[Assigned task] Exactly retype the lines from the top of the data through the line containing "One Lot of 1921-S", leaving out every picture.

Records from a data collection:
- Opening Delimiter -

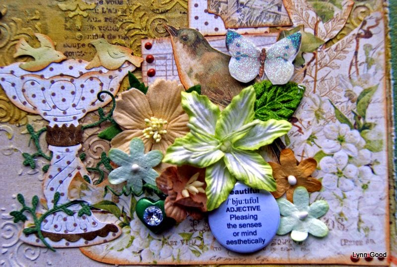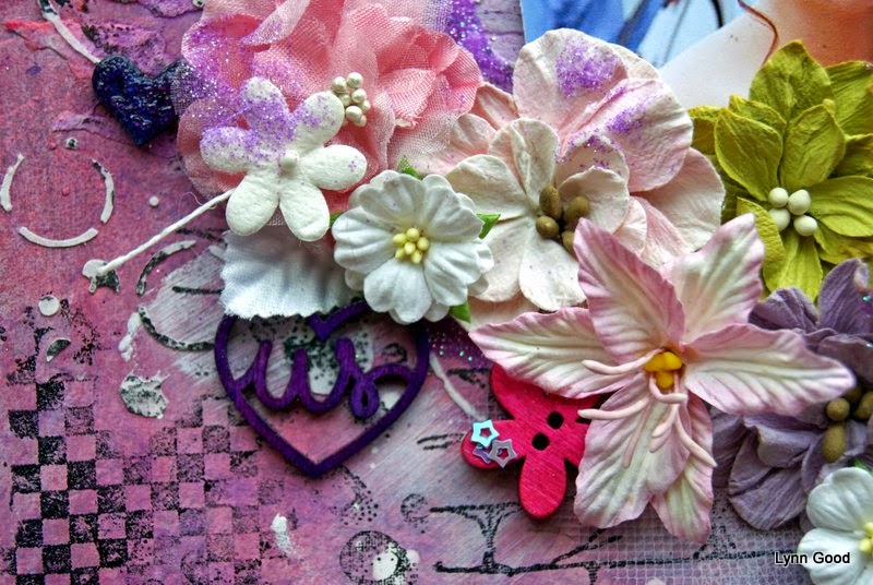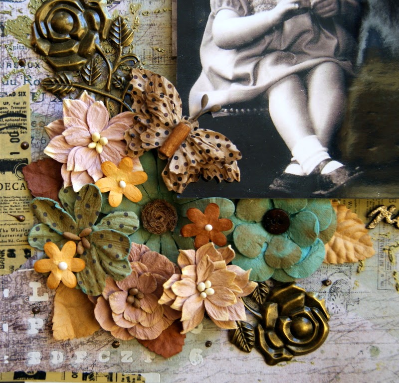 Loving the prima products in this layout! Here are prima flowers and a prima resin - I have painted the resin with Inklingz watercolour paints.
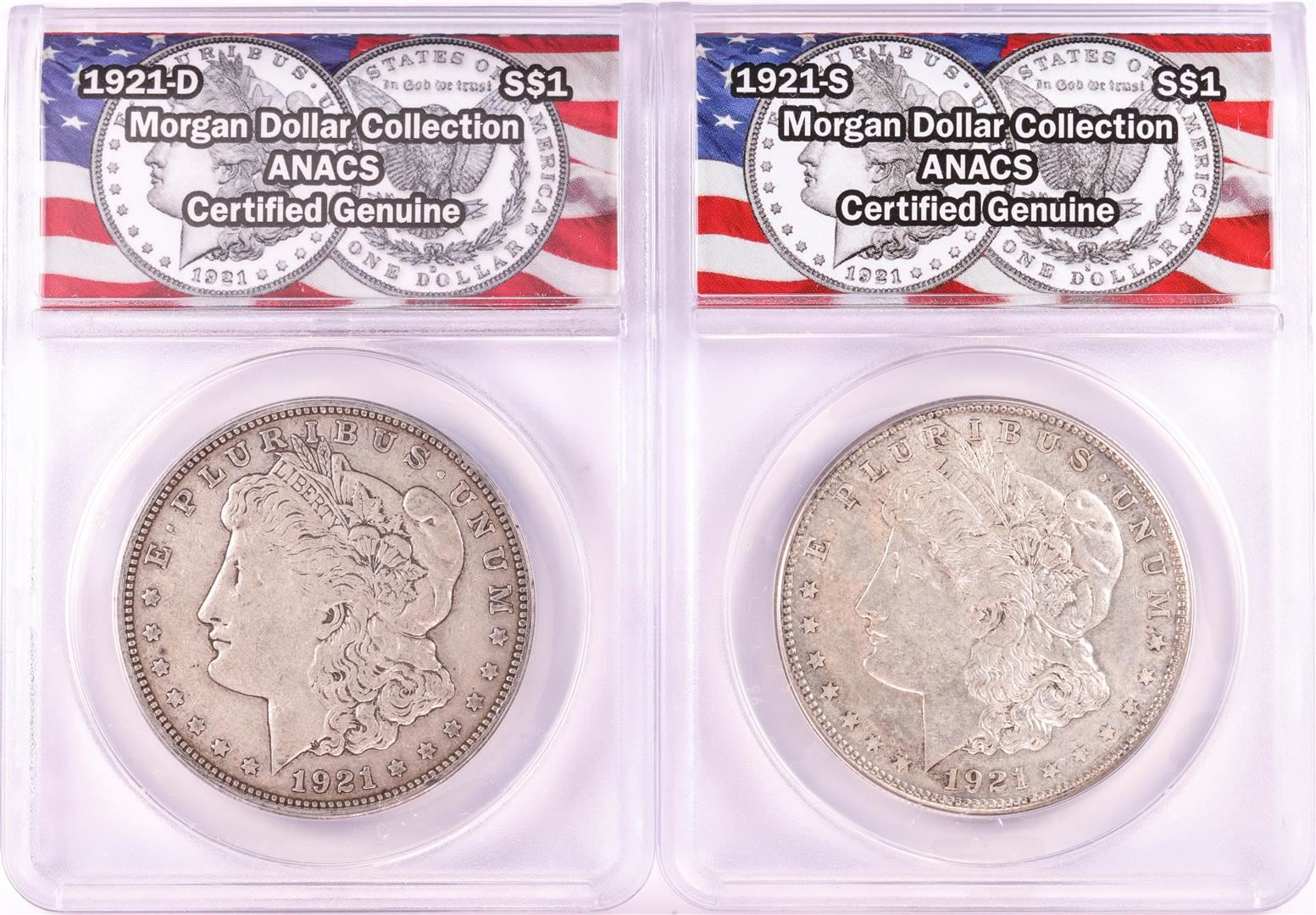 One Lot of 1921-S & 1921-D $1 Morgan Silver Dollar Coins ANACS Genuine. ANACS Certified.
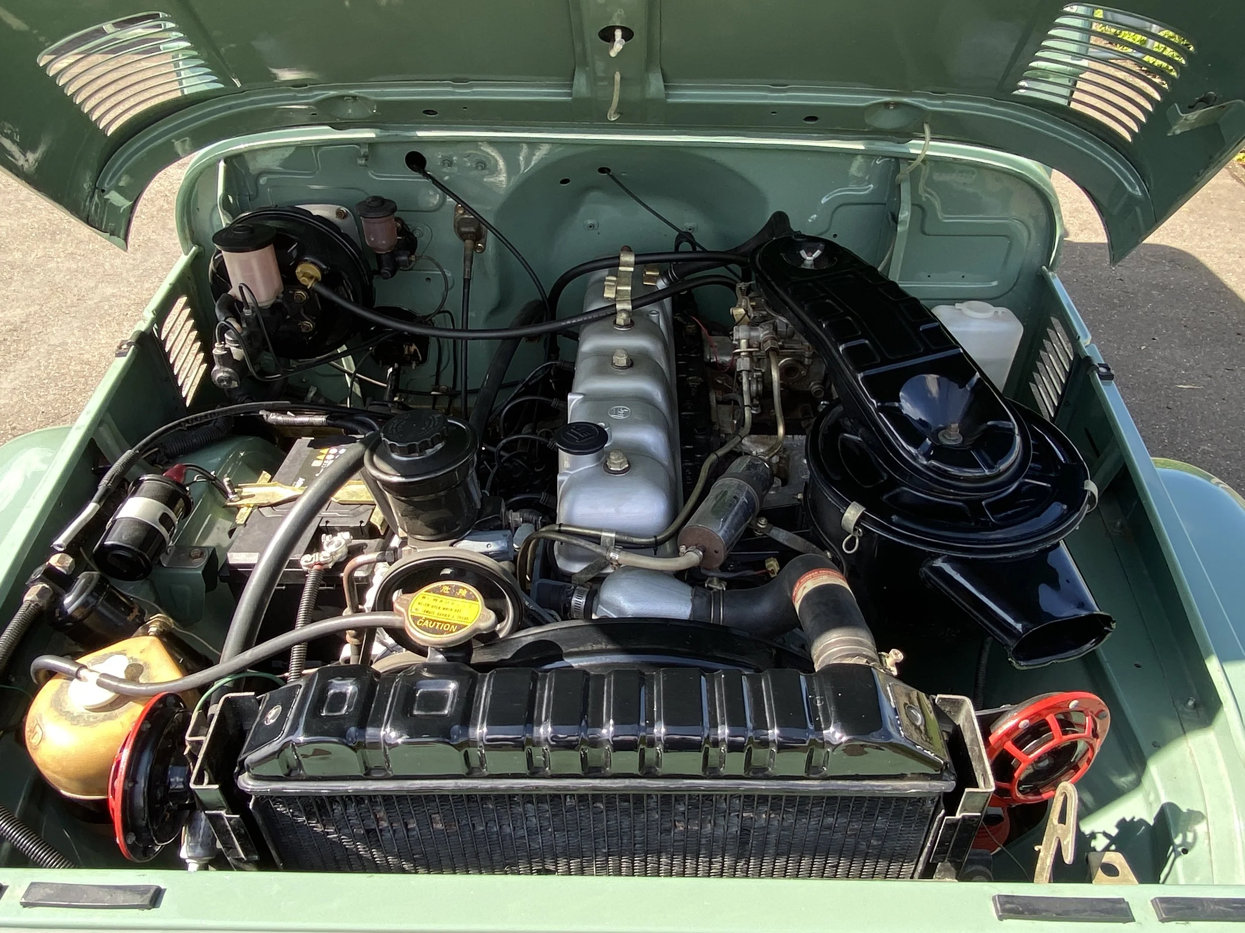 Moteur 3.8L - 6 cylindres avec boîte de vitesses à 3 rapports. Ce Landcruiser a été maintenu aussi original que possible et possède les équipements suivants : Airco, direction assistée, système de freinage assisté, feux de route etc... La couleur vert clair a été un très bon choix pour cette voiture et se marie très bien avec le toit blanc et les jantes en acier assorties.
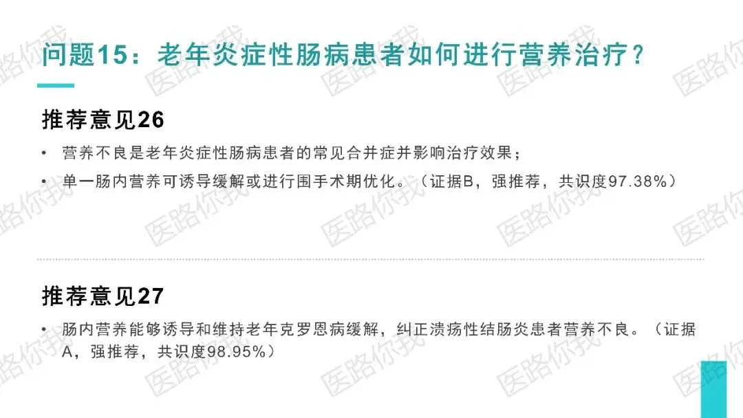 炎症性肠病:单一EN可诱导克罗恩病缓解;纠正溃疡性结肠炎营养不良。
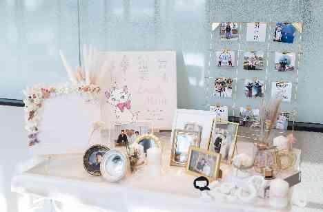 お打ち合わせではお2人らしさを出すためにテーマカラーを決めました!! マリーが好きな新婦様はピンクとゴールドに( ^^) 受付スペースも統一性が出てお2人の写真もより一層輝いていました!! マリーを使ってかわいらしさも表現できます☆ 会場装花もピンクを使用、披露宴会場でのテーブルクロスとの相性抜群でした!
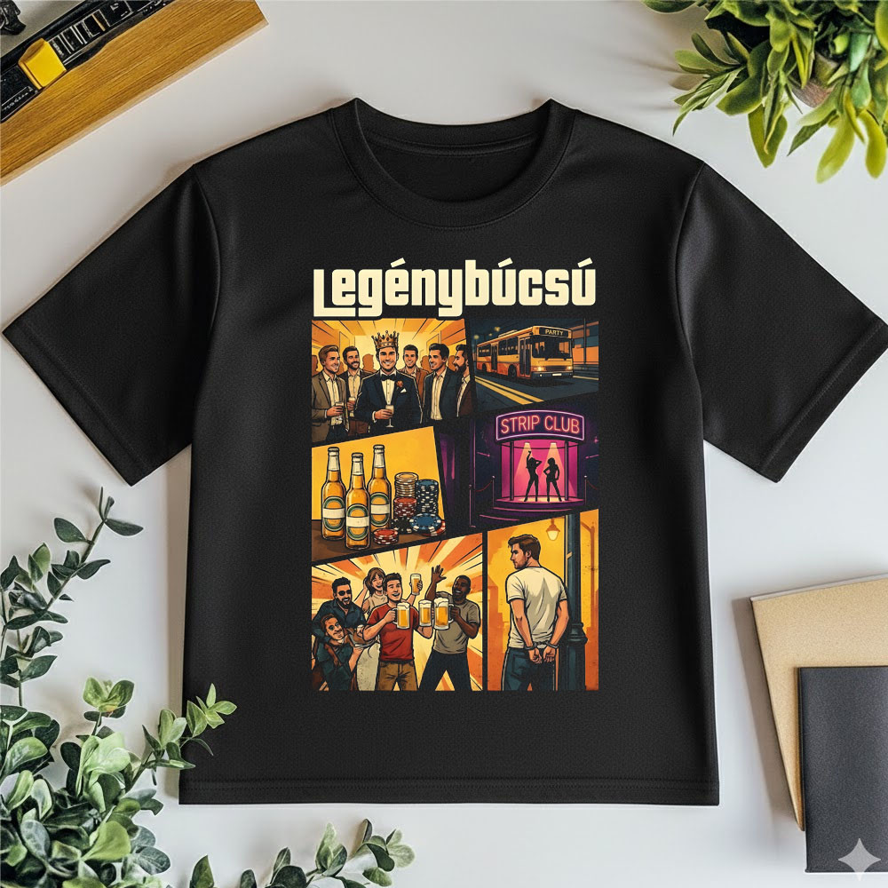 Ha a vőlegény imádja a videójátékokat, vagy csak egy igazán látványos és vicces pólót kerestek az utolsó „szingli” bevetésre, ez a GTA stílusú póló a legjobb választás. A grafika a klasszikus játékborítók hangulatát hozza el: sörök, pókerzsetonok, party busz és az elmaradhatatlan éjszakai kalandok képei állnak össze egy „Legénybúcsú” felirat alatt.
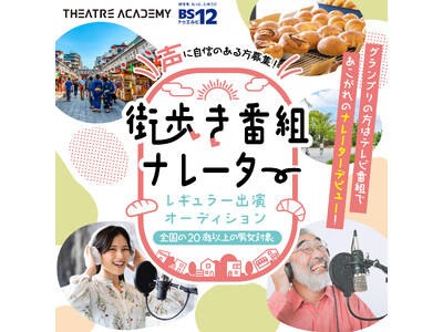 鈴木福・小林星蘭など多くのタレントを輩出しているテアトルアカデミーが、街歩きを通してとっておきのパンを紹介するBS12の番組「パン日和」とのコラボレーション企画として、『街歩き番組「パン日和」ナレーター出演オーディション』を開催いたします。

- Closing Delimiter -

[Solution to this problem]
 Loving the prima products in this layout! Here are prima flowers and a prima resin - I have painted the resin with Inklingz watercolour paints.
 One Lot of 1921-S & 1921-D $1 Morgan Silver Dollar Coins ANACS Genuine. ANACS Certified.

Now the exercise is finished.